Please output all the entries word for word, without the pictures.

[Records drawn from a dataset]
* * *

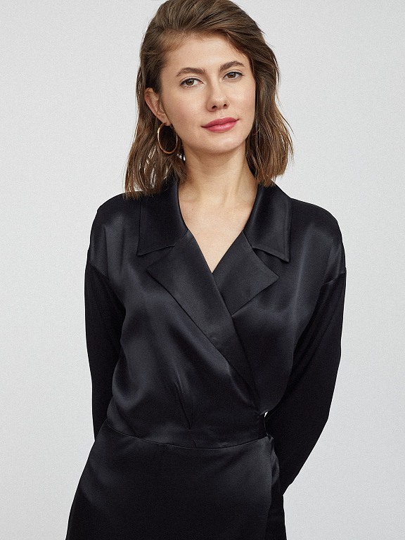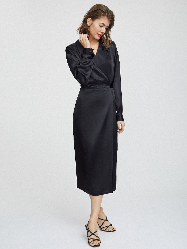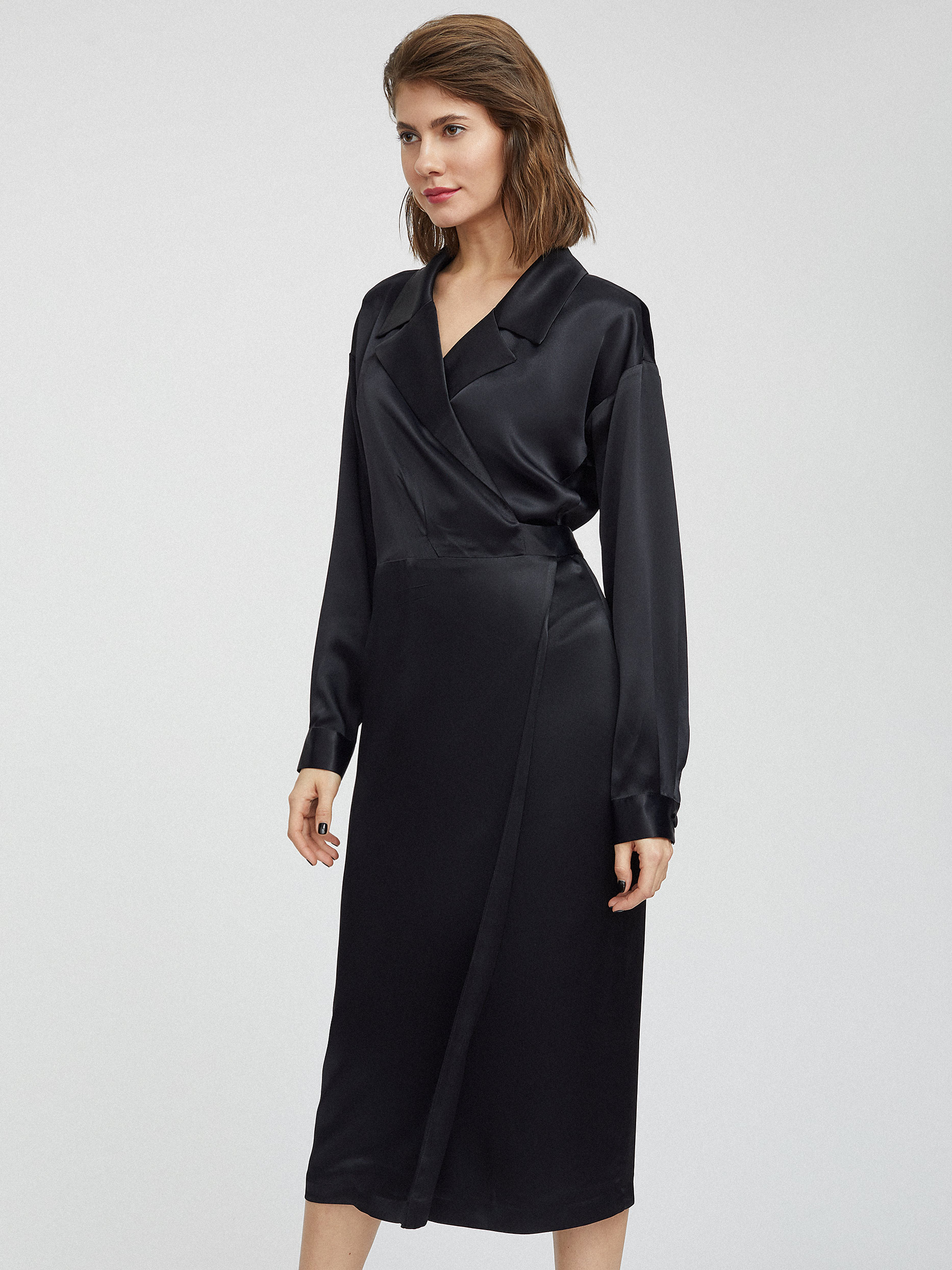 Однотонное атласное платье на запах. Отложной воротник с лацканами, спущенная линия плеч, длинные объемные рукава с широкими манжетами на пуговицах, завязывающиеся ленты на талии, подкладка.
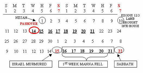 Now, just simply count backwards to the point where God said in Ex. 12:2, "this is beginning of months to you.” This puts the 1st day of the 1st month of the beginning of months and the New Moon on the 5th day of the week and the weekly Sabbath occurred 2 days after the the New Moon disproving again by the example that God Himself has set, NOT to use the 7th day after the New Moon as a method of determining the weekly Sabbath.
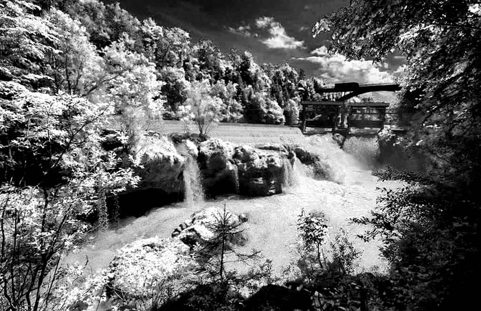 Früher (1965-85) habe ich zahlreiche Schwarzweiß Infrarot-Landschaftsbilder auf Kodak Infrarotfilm gemacht. Das Besondere an diesen Bildern ist die dramatische Stimmung mit fast schwarzem Himmel und der sehr hellen Wiedergabe vom Grün der Bäume.
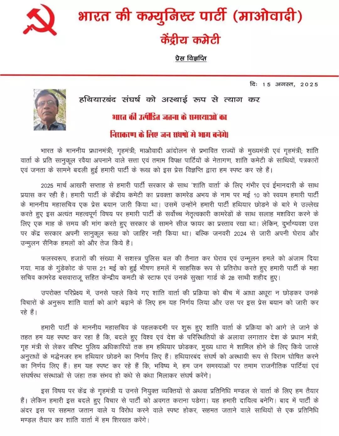 हमारी पार्टी के महासचिव के पहल कदमी पर शुरू हुए शांति वार्ता के प्रक्रिया को आगे ले जाने के तहत हम यह स्पष्ट कर रहे हैं कि बदले हुए विश्व और देश के परिस्थितियों के अलावा लगातार देश के प्रधानमंत्री, गृहमंत्री से लेकर वरिष्ठ पुलिस अधिकारियों तक हम हथियार छोडकर, मुख्य धारा में शामिल होने के लिए किए जा रहे अनुरोध के मद्देनजर हम हथियार छोड़ने का निर्णय लिए हैं। हथियारबंद संघर्ष पर अस्थायी रूप से विराम का निर्णय लिए हैं। हम यह स्पष्ट कर रहे हैं कि भविष्य में, हम जन समस्याओं पर तमाम राजनीतिक पार्टियां एवं संघर्षरत संस्थाओं से जहां तक संभव हो कंधे से कंधा मिलाकर करेंगे
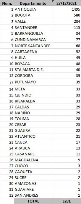 Con estas cifras, Colombia llega a 5.127.971 casos de Covid-19 diagnosticados durante la pandemia, de los cuales 18.620 se encuentran activos. Han fallecido 129.798 personas, mientras que 4.961.099 se han recuperado.
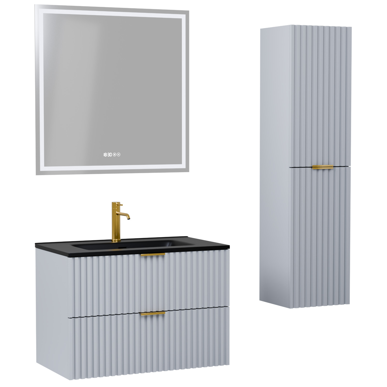 Ravello Fume Grey 60 komplett fürdőszoba bútor szett, szálcsiszolt arany fogantyúkkal
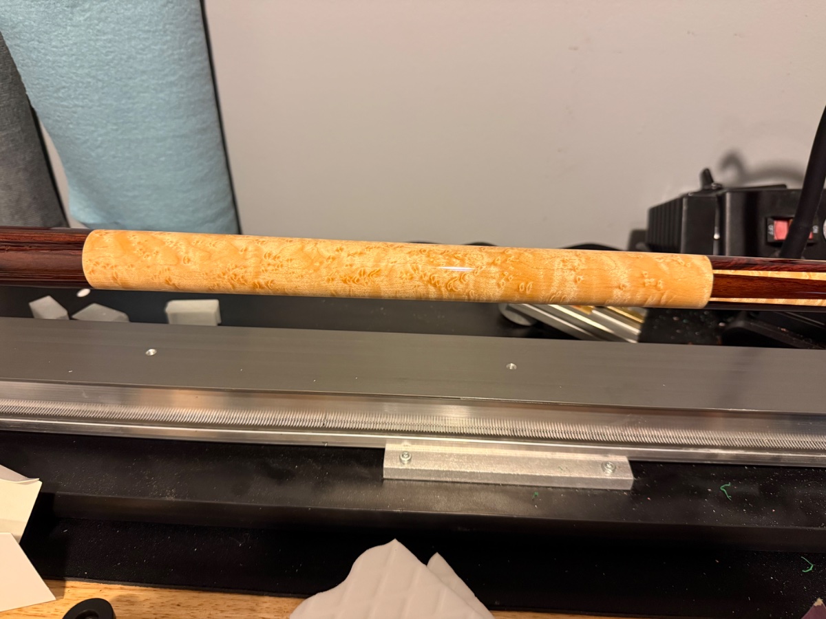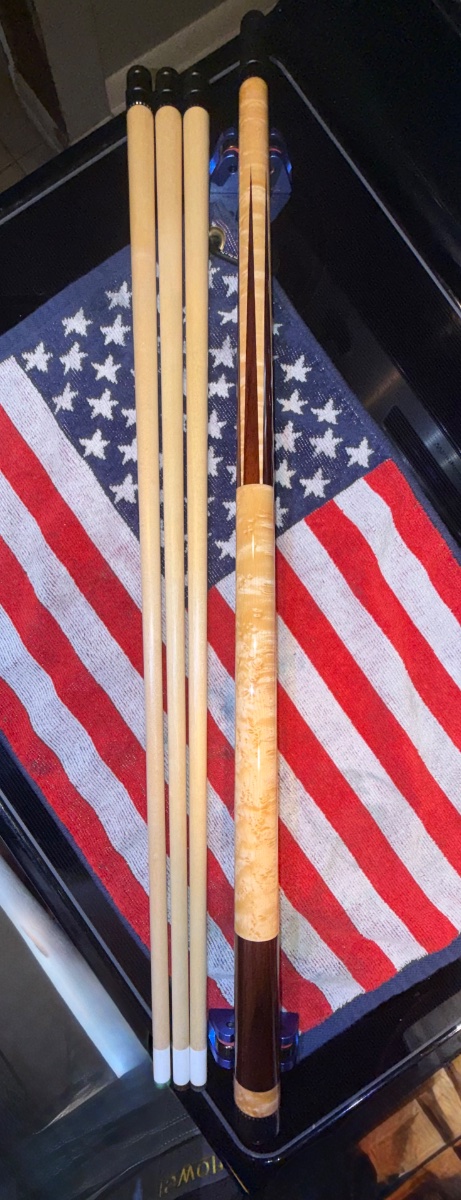 . Butt has a few small dings in it as itās been played but nothing through the clear and I couldnāt capture them in a pic. I polished and cleaned the shafts last night and it looks amazing and no dings or dents in the amazing shafts with the older wood used they are killa!!!!!! This is a paroblic cue from the originator of the paroblic cues shop so there is the tiniest bit of movement at the joint as to be expected but it rolls amazing for one. It rolls amazing considering on rollers and the shafts do also but I will always say a tiny bit of taper roll on the shafts to be safe but you will be happy with this amazing offering
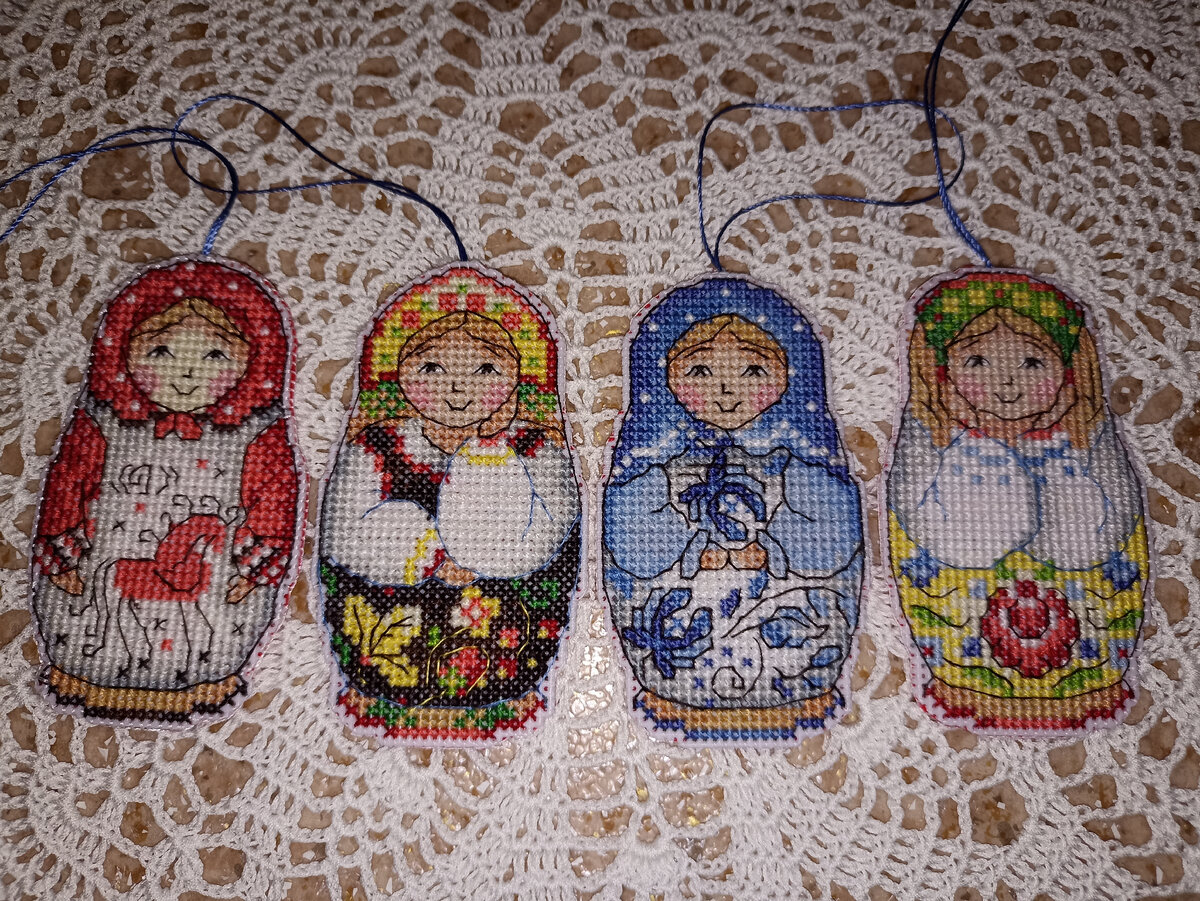 Доброго времени суток! Закончила вышивать всех матрёшек из набора производителя "Жар-птица" и небольшую вышивку от "Риолис".

* * *

▶ **Response area**:
 Однотонное атласное платье на запах. Отложной воротник с лацканами, спущенная линия плеч, длинные объемные рукава с широкими манжетами на пуговицах, завязывающиеся ленты на талии, подкладка.
 Now, just simply count backwards to the point where God said in Ex. 12:2, "this is beginning of months to you.” This puts the 1st day of the 1st month of the beginning of months and the New Moon on the 5th day of the week and the weekly Sabbath occurred 2 days after the the New Moon disproving again by the example that God Himself has set, NOT to use the 7th day after the New Moon as a method of determining the weekly Sabbath.
 Früher (1965-85) habe ich zahlreiche Schwarzweiß Infrarot-Landschaftsbilder auf Kodak Infrarotfilm gemacht. Das Besondere an diesen Bildern ist die dramatische Stimmung mit fast schwarzem Himmel und der sehr hellen Wiedergabe vom Grün der Bäume.
 हमारी पार्टी के महासचिव के पहल कदमी पर शुरू हुए शांति वार्ता के प्रक्रिया को आगे ले जाने के तहत हम यह स्पष्ट कर रहे हैं कि बदले हुए विश्व और देश के परिस्थितियों के अलावा लगातार देश के प्रधानमंत्री, गृहमंत्री से लेकर वरिष्ठ पुलिस अधिकारियों तक हम हथियार छोडकर, मुख्य धारा में शामिल होने के लिए किए जा रहे अनुरोध के मद्देनजर हम हथियार छोड़ने का निर्णय लिए हैं। हथियारबंद संघर्ष पर अस्थायी रूप से विराम का निर्णय लिए हैं। हम यह स्पष्ट कर रहे हैं कि भविष्य में, हम जन समस्याओं पर तमाम राजनीतिक पार्टियां एवं संघर्षरत संस्थाओं से जहां तक संभव हो कंधे से कंधा मिलाकर करेंगे
 Con estas cifras, Colombia llega a 5.127.971 casos de Covid-19 diagnosticados durante la pandemia, de los cuales 18.620 se encuentran activos. Han fallecido 129.798 personas, mientras que 4.961.099 se han recuperado.
 Ravello Fume Grey 60 komplett fürdőszoba bútor szett, szálcsiszolt arany fogantyúkkal
 . Butt has a few small dings in it as itās been played but nothing through the clear and I couldnāt capture them in a pic. I polished and cleaned the shafts last night and it looks amazing and no dings or dents in the amazing shafts with the older wood used they are killa!!!!!! This is a paroblic cue from the originator of the paroblic cues shop so there is the tiniest bit of movement at the joint as to be expected but it rolls amazing for one. It rolls amazing considering on rollers and the shafts do also but I will always say a tiny bit of taper roll on the shafts to be safe but you will be happy with this amazing offering
 Доброго времени суток! Закончила вышивать всех матрёшек из набора производителя "Жар-птица" и небольшую вышивку от "Риолис".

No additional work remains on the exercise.